The next generation of small business owners
Younger generations, consisting of Millenial and Gen Z entrepreneurs, are driving a parallel trend: the increasing number of search funds designed to acquire and preserve successful companies currently led by baby boomers. The success of this new generation will play a role in the future of the small business economy, increasing liquidity within small business acquisitions through higher transaction volume and bringing additional age, gender, and racial diversity to small businesses nationally. Millennial and Gen Z entrepreneurs bring a unique perspective and set of skills to the table, and their future in small business ownership looks bright.
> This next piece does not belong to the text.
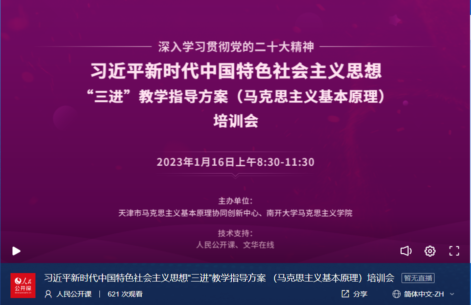 为深入学习贯彻党的二十大精神,加快推进习近平新时代中国特色社会主义思想进教材、进课堂、进师生头脑,切实增强思政课的政治性、时代性、原则性,不断提高天津市思政课建设水平,打造天津高校思政工作新特色,1月16日上午,习近平新时代中国特色社会主义思想“三进”教学指导方案(马克思主义基本原理)培训会成功举行。本次培训会由天津市马克思主义基本原理协同创新中心(球天下体育)主办,全市二百余名思政课教师参加。本次培训会采用线上会议形式,人民公开课和文华在线提供技术支持。

One of the key areas where Millennial and Gen Z small business owners are likely to make an impact is in the use of technology to enable operations and improve branding, communications, and customer service. These younger entrepreneurs are digital natives, and they are well-equipped to leverage technology in order to streamline processes, improve efficiency, and enhance the customer experience.
Growing numbers of younger entrepreneurs will change the small business landscape, molding it to their needs and preferences. One potential example of this could lead to increased liquidity in the small business acquisitions marketplace. Unlike baby boomers, who often owned their businesses for decades, the median holding period for a business acquired by a search fund is only 5.7 years (according to the 2022 Stanford Search Fund Study), indicating that the new generation of buyers has a tendency to purchase a company, implement changes, and sell for a return on investment. With businesses changing hands more often, the market could see increased activity and opportunity going forward.
Open call for new buyers
As the demographics of small business ownership shift, it is increasingly important to expand the pool of buyers beyond traditional sources such as Ivy League schools, family offices, and former private equity professionals. The future of small business ownership will be shaped by a new generation of entrepreneurs, including millennials and Gen Z, who bring a fresh perspective and a wide range of skills and experiences to the table. This includes individuals and groups from a variety of backgrounds and industries, including those who may not have previously considered a career in small business ownership. By opening up the market to a new generation of buyers and owners, we can help drive the economy forward and create a bright future for small businesses of all types and sizes.